Lee Michael S, Martinsen Brad J, Hollowed John, Heikali Daniel, Mustapha Jihad, Adams George, Mahmud Ehtisham
UCLA Medical Center, Los Angeles, CA, United States.
Cardiovascular Systems, Inc., St. Paul, MN, United States.
Cardiovasc Revasc Med. 2018 Jul;19(5 Pt A):503-505. doi: 10.1016/j.carrev.2017.10.016. Epub 2017 Oct 27.
Endovascular intervention is an appealing revascularization strategy for iliac artery disease. Atherectomy of the iliac artery is uncommon due to the risk of life-threatening perforation but may be necessary if the iliac lesion is heavily calcified, preventing stent delivery or optimal expansion. We assessed the feasibility and safety of orbital atherectomy for the treatment of iliac artery disease.
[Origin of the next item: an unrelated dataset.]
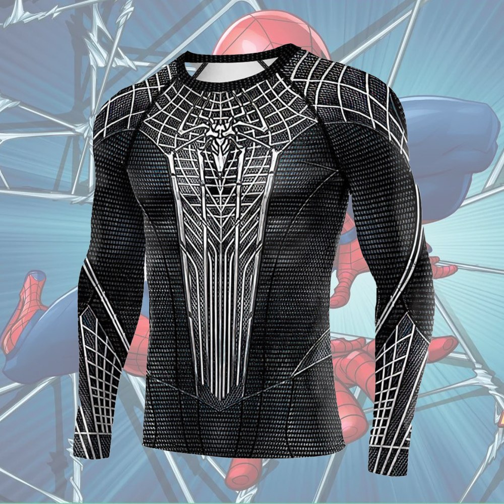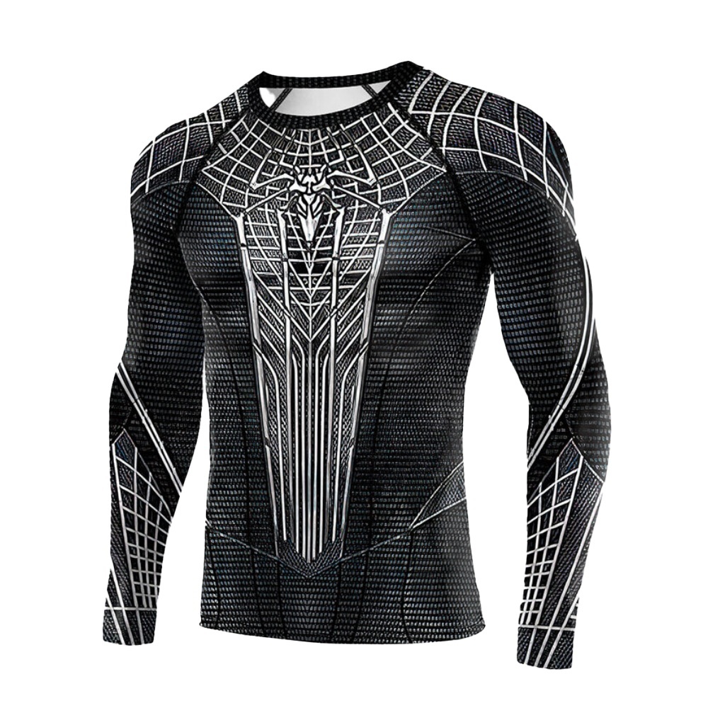 Black Superhero Spider Man Long Sleeve Compression Shirt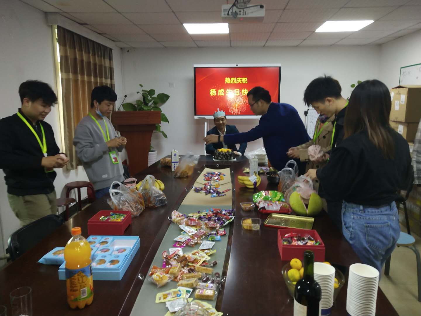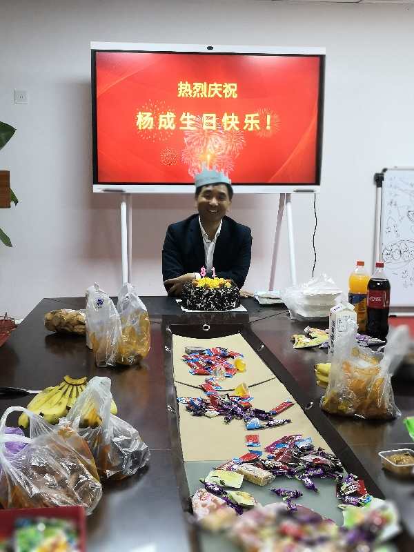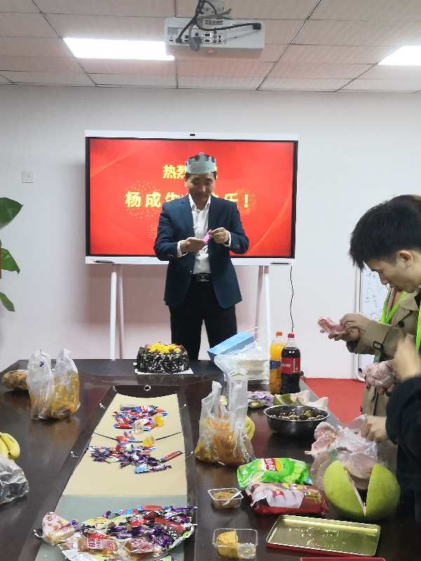 所有的同事們為楊總唱生日歌,祝愿楊總年年18,永遠18!

Demographic data, lesion characteristics, and procedure outcomes for the CONFIRM patients with at least one iliac artery lesion treated with orbital atherectomy (n=62 patients; n=68 lesions) were compared to patients with at least one superficial femoral artery (SFA) lesion treated with orbital atherectomy (n=1570 patients; n=1809 lesions). The procedural complication rate, defined as the composite of flow limiting dissection, perforation, slow flow, vessel closure, spasm, embolism, or thrombosis, was compared in iliac lesions versus SFA lesions. The iliac artery group had more patients with diabetes, shorter lesions, and more severely calcified lesions. The orbital atherectomy run time was significantly shorter in the iliac artery group. Additionally, in the iliac group there was one reported perforation and one reported vessel closure; the rates of slow flow, spasm, embolism, thrombus, and flow limiting dissection were 0%. The overall procedural complication rate was significantly lower in the iliac group (2.9% vs. 11.2%, p=0.03). Orbital atherectomy of the iliac artery is feasible with few reported angiographic complications and compared favorably with the SFA group. Orbital atherectomy may be considered to facilitate the delivery and expansion of a balloon or stent if the iliac artery is calcified.
血管内介入治疗是治疗髂动脉疾病的一种有吸引力的血运重建策略。由于存在危及生命的穿孔风险,髂动脉旋切术并不常见,但如果髂动脉病变严重钙化,妨碍支架输送或无法实现最佳扩张,则可能有必要进行旋切术。我们评估了眼眶旋切术治疗髂动脉疾病的可行性和安全性。将接受眼眶旋切术治疗的至少有一处髂动脉病变的CONFIRM患者(n = 62例患者;n = 68处病变)的人口统计学数据、病变特征和手术结果,与接受眼眶旋切术治疗的至少有一处股浅动脉(SFA)病变的患者(n = 1570例患者;n = 1809处病变)进行比较。比较了髂动脉病变与股浅动脉病变的手术并发症发生率,手术并发症定义为限流性夹层、穿孔、血流缓慢、血管闭塞、痉挛、栓塞或血栓形成的综合情况。髂动脉组糖尿病患者更多,病变较短,钙化更严重。髂动脉组的眼眶旋切术操作时间明显更短。此外,在髂动脉组中,有1例报告的穿孔和1例报告的血管闭塞;血流缓慢、痉挛、栓塞、血栓形成和限流性夹层的发生率为0%。髂动脉组的总体手术并发症发生率显著更低(2.9%对11.2%,p = 0.03)。髂动脉眼眶旋切术是可行的,报告的血管造影并发症很少,与股浅动脉组相比具有优势。如果髂动脉钙化,可考虑采用眼眶旋切术以促进球囊或支架的输送和扩张。